─── Records shown ───

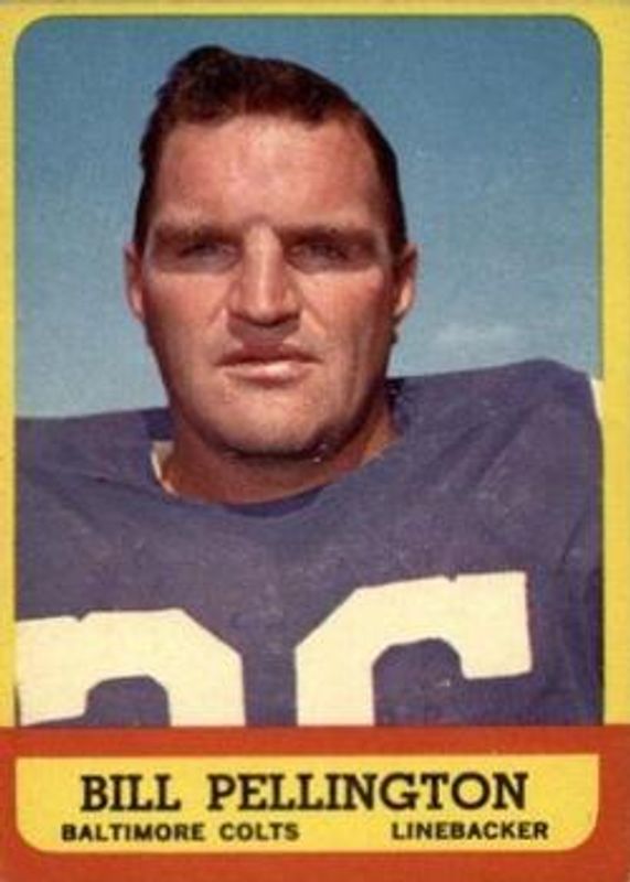 Bill Pellington's Football cards are available in at least 4 sets. Bill Pellington's biggest 7-day price movers are 1963 Topps #10 Base, 1962 Topps #9 Base, and 1960 Topps #8 Base.
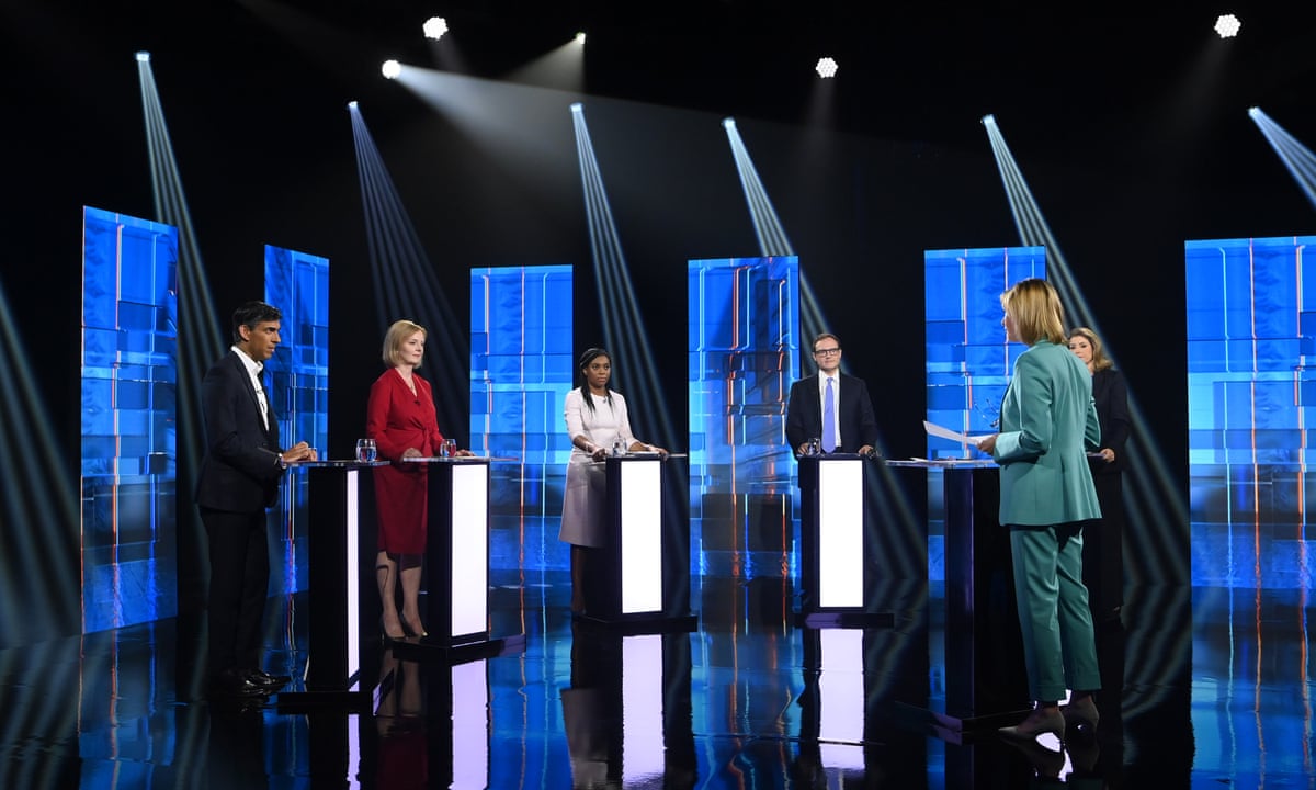 1 day agoTory leadership candidates from left to right Rishi Sunak Liz Truss Kemi BadenochTom Tugendhat and Penny Mordaunt with ITV debate presenter Julie Etchingham. The fourth round of voting. 1 day agoThe Tory MPs competing to become the next prime minister have gone head-to-head in an ITV televised leadership debate.
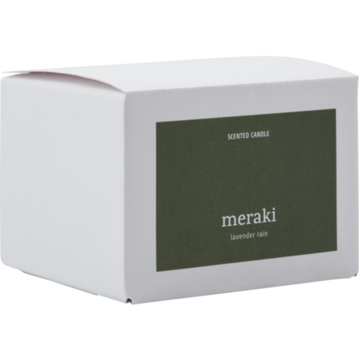Merakis doftljus Lavender Rain skapar en lugn oas i ditt hem. Ljuset har en doft av lavendel, med uppfriskande toppnoter av kamomill och citron, ett hjärta av avslappnande lavendel och en bas av geranium, eucalyptus och patchouli. En doft som kanske passar perfekt för att varva ner efter en lång dag. Bomullsveke. Tillverkat i EU.
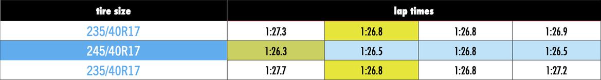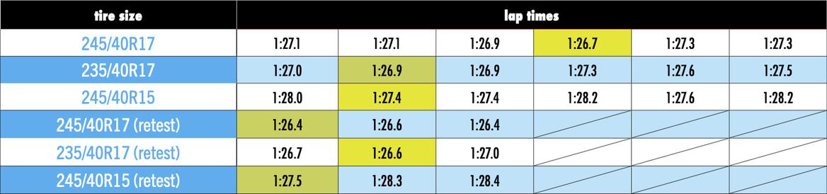Faced with the specter of flawed data from track evolution and driver improvement, we kept the test rotation going by again mounting up the 235/40R17s. They also picked up time over their previous iteration with a best lap of 1:26.6, but they remained the same two-tenths slower than the 245s in the back-to-back sessions. This confirmed our comparison of those two tires.
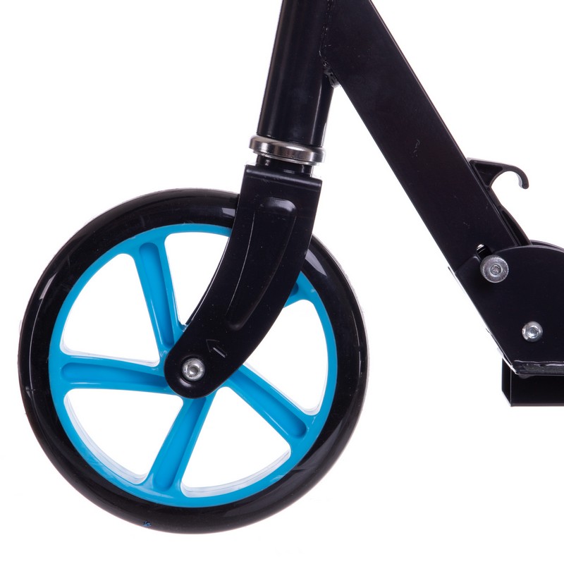Колеса виконані з поліуретану. Вони м’які, безкамерні та дуже надійні у використанні. Платформа має протиковзне покриття для кращої стійкості. Самокат приводиться в рух ногою, а знизити швидкість або швидко зупинитися дозволяє заднє ножне гальмо. Кермо можна відрегулювати по висоті, на руків’ях розташовані зручні грипси, що забезпечують надійний хват. Кожен елемент конструкції розрахований на довговічність і комфорт у використанні.
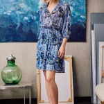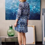 Μίνι φόρεμα με στρόγγυλη λαιμόκοψη και V ντεκολτέ, κλείσιμο μπροστά με κουμπιά, μανίκι κάτω από τον αγκώνα που καταλήγει σε λάστιχο, ελαστική μέση και ασορτί ζώνη, φόδρα εσωτερικά, κανονική εφαρμογή.
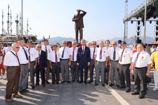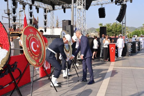 Sabah 09.30’da yapılan Atatürk Anıtı’na çelenk sunum töreninde Kaymakam Ertuğ Şevket Aksoy, Aksaz Deniz Üs Komutanı Tuğamiral Neslim Eski, Marmaris Belediye Başkanı Mehmet Oktay, Başsavcıvekili Cumhuriyet Savcısı Burhanettin Güzel, siyasi parti temsilcileri, gaziler, şehit yakınları ve çok sayıda vatandaş katıldı.
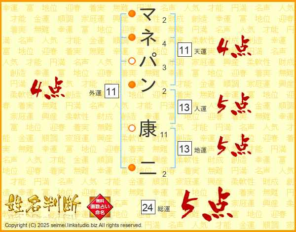 マ(2画)ネ(4画)パ(3画)ン(2画) 康(11画)二(2画)
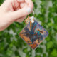 The key chain is made of metal and really sturdy. The flower design is really cheerful. The logo and colors are clear and crisp!
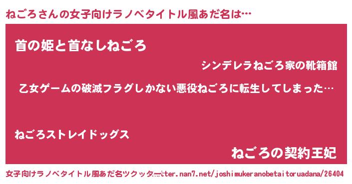 | 男性向けラノベタイトル風あだ名 | 『この素晴らしい世界にねごろを!』 |
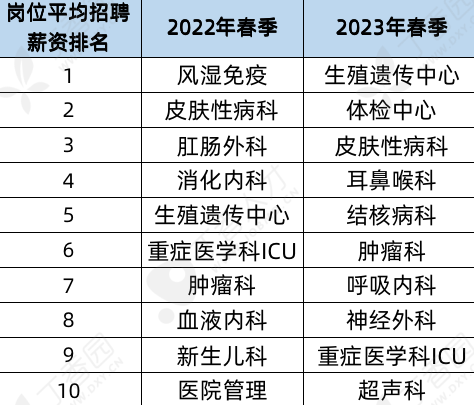 检验科作为疫情管控的坚实后盾之一,在管控放开后,随着对于核酸检测需求的下降,检验岗位的发布量也随之下降。十大薪资最高科室 生殖科领跑,平均月薪 1.8 万 点击查看医院科室薪资情况根据丁香人才春招发布岗位显示,薪资最高的科室是生殖遗传科,紧随其后的分别为体检中心和皮肤性病科。
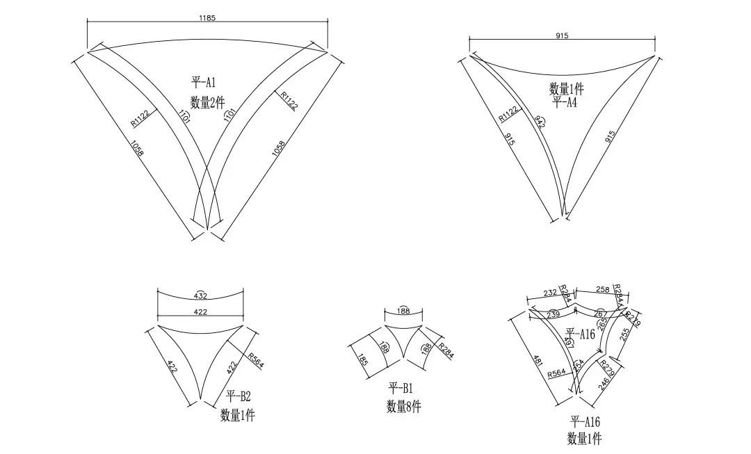 平面构件以各个曲线相交处为界限进行划分,分割为不同形状尺寸的单块区域铝板,为了保证施工平整度和工期,还将部分平面图案以刻线的形式反映在单块区域内,尽量以大面铝板进行拼接,为此整个项目设计了共28中不同类型的平面构件,3种不同类型的曲面构件。
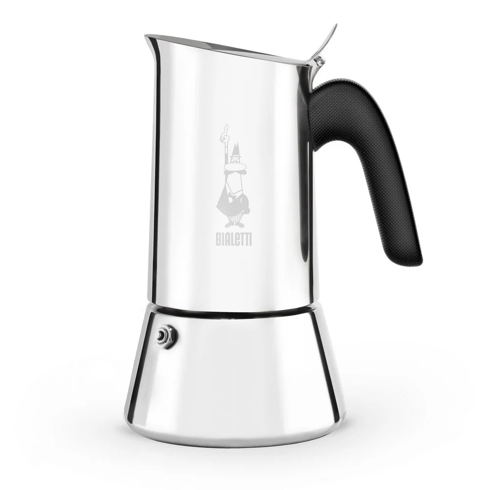 The most popular of our stainless steel stovetops, the Bialetti Venus produces the same authentic Italian espresso, using the same brewing technique, as the original Moka Express. This stovetop espresso pot is made from 18/10 stainless steel and is compatible with all cooktops including induction* (Venus 2 cup size is not suitable for induction cooktops). A functional style with a practical, drip-less pouring spout, it is constructed from food grade 18/10 stainless steel and has an ergonomic, heat-resistant handle with secure anti-slip grip and features Bialetti’s patented safety valve. To produce an authentic espresso in minutes, simply fill the bottom with water to just below the valve, add your favourite espresso ground coffee to the funnel and gently heat on your stovetop. Please note, the cup size refers to an espresso cup which is approximately 30mls.
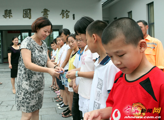 宁海新闻网讯 为丰富环卫工人子女暑假文化生活,县环卫处联合县图书馆,开展了以“想读书勤读书乐读书”为主题的环卫工人子女读书会活动。7月11日上午,19名孩子在家长的陪同下来到县图书馆参加免费读书会启动仪式,并领取图书馆免费借书卡。孩子们徜徉在图书的海洋里,家长们露出了欣慰的笑容。(李江林陈露岚摄) |
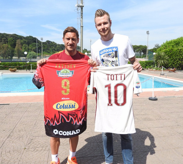 Sul suo profilo Twitter, Francesco Totti ha pubblicato un'immagine che lo ritrae in compagnia del campione di pallavvolo Ivan Zaytsev. I due si sono incontrati questa mattina al centro sportivo di Trigoria: "9 e 10: coppia d'attacco fatta! Grande Ivan Zaytsev, è stato belli incontrarti!"
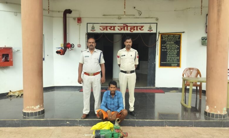 डीआईजी एवं एसएसपी सूरजपुर श्री एम.आर.आहिरे (भापुसे) ने चोरी सहित अन्य मामलों को गंभीरता से लेते हुए आरोपी की पतासाजी कर जल्द पकड़ने के निर्देश दिए। एएसपी संतोष महतो व एसडीओपी प्रतापपुर अरूण नेताम के मार्गदर्शन में चौकी खड़गवां की पुलिस ने संदेही रामलीला पिता आलमसाय उम्र 35 वर्ष निवासी केरता को पकड़ा। पूछताछ पर उसने चोरी की वारदात को अंजाम देना स्वीकार किया जिसके निशानदेही पर चोरी का सोलर पम्प कीमत 25500 रूपये को बरामद कर उसे गिरफ्तार किया है। इस कार्यवाही में चौकी प्रभारी योगेन्द्र जायसवाल, एएसआई सुनील भारती, प्रधान आरक्षक विनय व आरक्षक मनोज व विकास सक्रिय रहे।
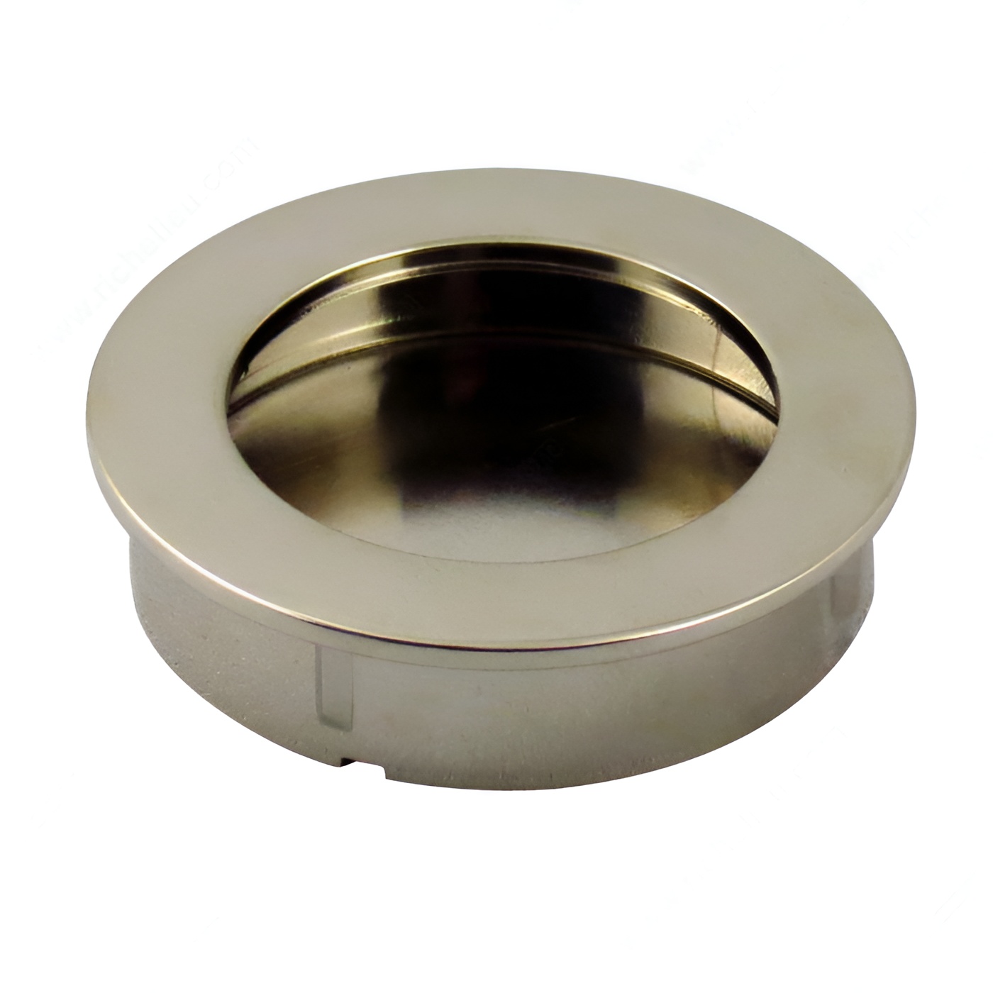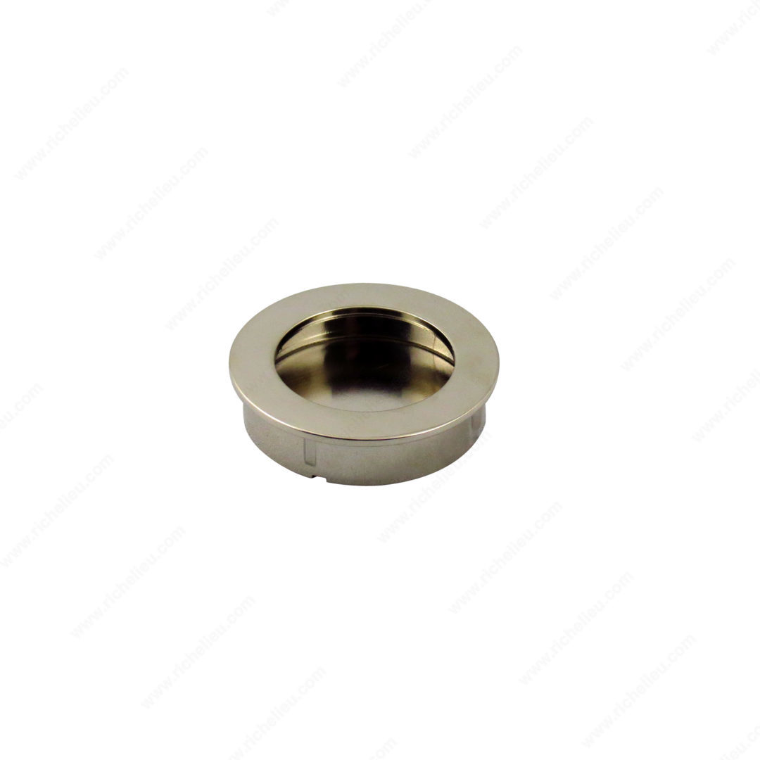 Richelieu BP72260180 Modern Recessed Metal Pull - 7226 enhances the aesthetic of your cabinetry with its sleek and contemporary design. This round recessed handle is specifically engineered to fit seamlessly into sliding cabinet doors, offering both style and functionality. Crafted from durable zamak, the handle boasts a polished nickel finish that adds a touch of elegance to any space. With an overall diameter of 2 3/8 inches and a height of 19/32 inches, this pull offers a comfortable grip while maintaining a low-profile appearance. The milling depth of 1/2 inch and diameter of 2 1/8 inches ensure an easy installation process, making it suitable for various cabinet types. Its projection of just 3/32 inches allows for a clean finish, avoiding any protrusion that could disrupt the sleek lines of your cabinetry. Available in a modern gray and chrome color palette, the Richelieu BP72260180 is designed to complement a range of interior styles. As a no-screw design, it simplifies installation and upkeep. Elevate your cabinetry with this stylish recessed pull, ideal for professionals and discerning homeowners looking to upgrade their kitchen or storage spaces. Ships conveniently via UPS for added convenience.

───

What to do
This task calls for the records to be copied exactly, without pictures.

Written solution
 Bill Pellington's Football cards are available in at least 4 sets. Bill Pellington's biggest 7-day price movers are 1963 Topps #10 Base, 1962 Topps #9 Base, and 1960 Topps #8 Base.
 1 day agoTory leadership candidates from left to right Rishi Sunak Liz Truss Kemi BadenochTom Tugendhat and Penny Mordaunt with ITV debate presenter Julie Etchingham. The fourth round of voting. 1 day agoThe Tory MPs competing to become the next prime minister have gone head-to-head in an ITV televised leadership debate.
Merakis doftljus Lavender Rain skapar en lugn oas i ditt hem. Ljuset har en doft av lavendel, med uppfriskande toppnoter av kamomill och citron, ett hjärta av avslappnande lavendel och en bas av geranium, eucalyptus och patchouli. En doft som kanske passar perfekt för att varva ner efter en lång dag. Bomullsveke. Tillverkat i EU.
Faced with the specter of flawed data from track evolution and driver improvement, we kept the test rotation going by again mounting up the 235/40R17s. They also picked up time over their previous iteration with a best lap of 1:26.6, but they remained the same two-tenths slower than the 245s in the back-to-back sessions. This confirmed our comparison of those two tires.
Колеса виконані з поліуретану. Вони м’які, безкамерні та дуже надійні у використанні. Платформа має протиковзне покриття для кращої стійкості. Самокат приводиться в рух ногою, а знизити швидкість або швидко зупинитися дозволяє заднє ножне гальмо. Кермо можна відрегулювати по висоті, на руків’ях розташовані зручні грипси, що забезпечують надійний хват. Кожен елемент конструкції розрахований на довговічність і комфорт у використанні.
 Μίνι φόρεμα με στρόγγυλη λαιμόκοψη και V ντεκολτέ, κλείσιμο μπροστά με κουμπιά, μανίκι κάτω από τον αγκώνα που καταλήγει σε λάστιχο, ελαστική μέση και ασορτί ζώνη, φόδρα εσωτερικά, κανονική εφαρμογή.
 Sabah 09.30’da yapılan Atatürk Anıtı’na çelenk sunum töreninde Kaymakam Ertuğ Şevket Aksoy, Aksaz Deniz Üs Komutanı Tuğamiral Neslim Eski, Marmaris Belediye Başkanı Mehmet Oktay, Başsavcıvekili Cumhuriyet Savcısı Burhanettin Güzel, siyasi parti temsilcileri, gaziler, şehit yakınları ve çok sayıda vatandaş katıldı.
 マ(2画)ネ(4画)パ(3画)ン(2画) 康(11画)二(2画)
 The key chain is made of metal and really sturdy. The flower design is really cheerful. The logo and colors are clear and crisp!
 | 男性向けラノベタイトル風あだ名 | 『この素晴らしい世界にねごろを!』 |
 检验科作为疫情管控的坚实后盾之一,在管控放开后,随着对于核酸检测需求的下降,检验岗位的发布量也随之下降。十大薪资最高科室 生殖科领跑,平均月薪 1.8 万 点击查看医院科室薪资情况根据丁香人才春招发布岗位显示,薪资最高的科室是生殖遗传科,紧随其后的分别为体检中心和皮肤性病科。
 平面构件以各个曲线相交处为界限进行划分,分割为不同形状尺寸的单块区域铝板,为了保证施工平整度和工期,还将部分平面图案以刻线的形式反映在单块区域内,尽量以大面铝板进行拼接,为此整个项目设计了共28中不同类型的平面构件,3种不同类型的曲面构件。
 The most popular of our stainless steel stovetops, the Bialetti Venus produces the same authentic Italian espresso, using the same brewing technique, as the original Moka Express. This stovetop espresso pot is made from 18/10 stainless steel and is compatible with all cooktops including induction* (Venus 2 cup size is not suitable for induction cooktops). A functional style with a practical, drip-less pouring spout, it is constructed from food grade 18/10 stainless steel and has an ergonomic, heat-resistant handle with secure anti-slip grip and features Bialetti’s patented safety valve. To produce an authentic espresso in minutes, simply fill the bottom with water to just below the valve, add your favourite espresso ground coffee to the funnel and gently heat on your stovetop. Please note, the cup size refers to an espresso cup which is approximately 30mls.
 宁海新闻网讯 为丰富环卫工人子女暑假文化生活,县环卫处联合县图书馆,开展了以“想读书勤读书乐读书”为主题的环卫工人子女读书会活动。7月11日上午,19名孩子在家长的陪同下来到县图书馆参加免费读书会启动仪式,并领取图书馆免费借书卡。孩子们徜徉在图书的海洋里,家长们露出了欣慰的笑容。(李江林陈露岚摄) |
 Sul suo profilo Twitter, Francesco Totti ha pubblicato un'immagine che lo ritrae in compagnia del campione di pallavvolo Ivan Zaytsev. I due si sono incontrati questa mattina al centro sportivo di Trigoria: "9 e 10: coppia d'attacco fatta! Grande Ivan Zaytsev, è stato belli incontrarti!"
 डीआईजी एवं एसएसपी सूरजपुर श्री एम.आर.आहिरे (भापुसे) ने चोरी सहित अन्य मामलों को गंभीरता से लेते हुए आरोपी की पतासाजी कर जल्द पकड़ने के निर्देश दिए। एएसपी संतोष महतो व एसडीओपी प्रतापपुर अरूण नेताम के मार्गदर्शन में चौकी खड़गवां की पुलिस ने संदेही रामलीला पिता आलमसाय उम्र 35 वर्ष निवासी केरता को पकड़ा। पूछताछ पर उसने चोरी की वारदात को अंजाम देना स्वीकार किया जिसके निशानदेही पर चोरी का सोलर पम्प कीमत 25500 रूपये को बरामद कर उसे गिरफ्तार किया है। इस कार्यवाही में चौकी प्रभारी योगेन्द्र जायसवाल, एएसआई सुनील भारती, प्रधान आरक्षक विनय व आरक्षक मनोज व विकास सक्रिय रहे।
 Richelieu BP72260180 Modern Recessed Metal Pull - 7226 enhances the aesthetic of your cabinetry with its sleek and contemporary design. This round recessed handle is specifically engineered to fit seamlessly into sliding cabinet doors, offering both style and functionality. Crafted from durable zamak, the handle boasts a polished nickel finish that adds a touch of elegance to any space. With an overall diameter of 2 3/8 inches and a height of 19/32 inches, this pull offers a comfortable grip while maintaining a low-profile appearance. The milling depth of 1/2 inch and diameter of 2 1/8 inches ensure an easy installation process, making it suitable for various cabinet types. Its projection of just 3/32 inches allows for a clean finish, avoiding any protrusion that could disrupt the sleek lines of your cabinetry. Available in a modern gray and chrome color palette, the Richelieu BP72260180 is designed to complement a range of interior styles. As a no-screw design, it simplifies installation and upkeep. Elevate your cabinetry with this stylish recessed pull, ideal for professionals and discerning homeowners looking to upgrade their kitchen or storage spaces. Ships conveniently via UPS for added convenience.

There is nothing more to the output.